Over and over he ran through all the spirits he knew, all the tricks he had ever heard of that led men astray in the ice. Not the glow that haunted posts and hilltops when a lightning storm was coming. Not one of the Hidden Folk, who looked enough like men to be mistaken. Not the guardian spirits, that took the shape of stones or of snow carven by wind. A flame in the form of a man, wandering upon the ice, that led people - well, he thought it was still south. He hoped it was, that his belief hadn’t been misplaced. 

Softening hoar slipped under his boots, and time spun on, breath by breath, step by step, until his mind was empty of everything but the greyness and the effort of struggling through the snow and the orange firelight that lay upon it like water. As long as there was the light, he would be okay. 

Every time he looked away, blue dots flickered behind his eyes. 

He didn’t notice the stones until he almost tripped over them. The pile was about half a man’s height, slicked in ice, crevices filled with blown snow. The cairns! He almost broke into a laugh, but it would have been too loud, painful in the stillness of the ice. Instead, he wrapped his arms around himself, a hug he couldn’t share with anyone else. 

The cairns were built to be visible one from another, so that if you found one you had a solid line to trace back towards safety - but that was in clearer weather, weather where you could actually see the sun. Now it would be of almost no use, but he still felt better for being near it. People existed, even if he remained alone. 
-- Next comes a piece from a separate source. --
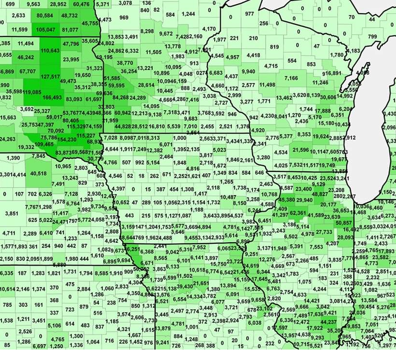 Here is an interesting photo of Prevented Planting in acres by County.
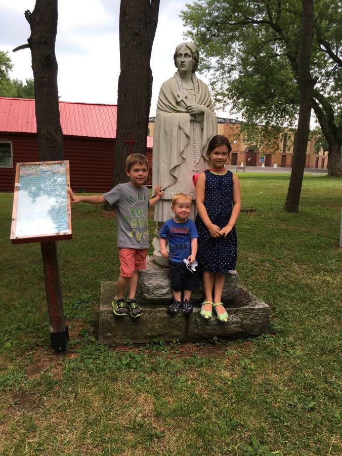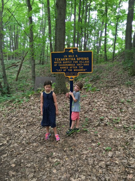 For this celebration, in an effort to keep things simple, we loaded up the family and flew 2000 miles across the country just to visit the birthplace and baptism site of St. Kateri! Go big, or go home, right? No, we happened to be a 45 minute drive from those sites while on a visit to my parents. And I thought, why not!

His fire-guide passed over the cairn, and through, and the ice was not melted. And it went on, waiting for him to follow it around - he stroked the rocks like he could bind himself to them with only fingers, glove catching on the tiny pits the freezing and the thawing had dug into the stones. Like he could grasp the imaginary connecting line and keep clinging to it all the way back. Then, hand trailing behind, he fixed his eyes again on the flame and continued plodding through the snow. 

One cairn passed, and then a second. Oh, he was so tired, he just wanted to curl up in the snow and sleep, right there. Let a little cave form around him like he was a fox. Not have to deal with his life, with the situation he had built for himself. 

Was it just his imagination, or was the fog getting thicker? He could see the dark lump of the next cairn ahead, and the flame before it, but he thought it was already growing greyer as mist poured between them like a wall, and would it still exist once he lost sight - 

“Wait!” he cried, and ran, holding one hand over his face to protect his lungs from the cold, and the flame paused for a second in front of the cairn. And one second was enough - he had meant just to touch it, see if it was solid or stinging or _real,_ but he took one stride too far and stepped into its heart. 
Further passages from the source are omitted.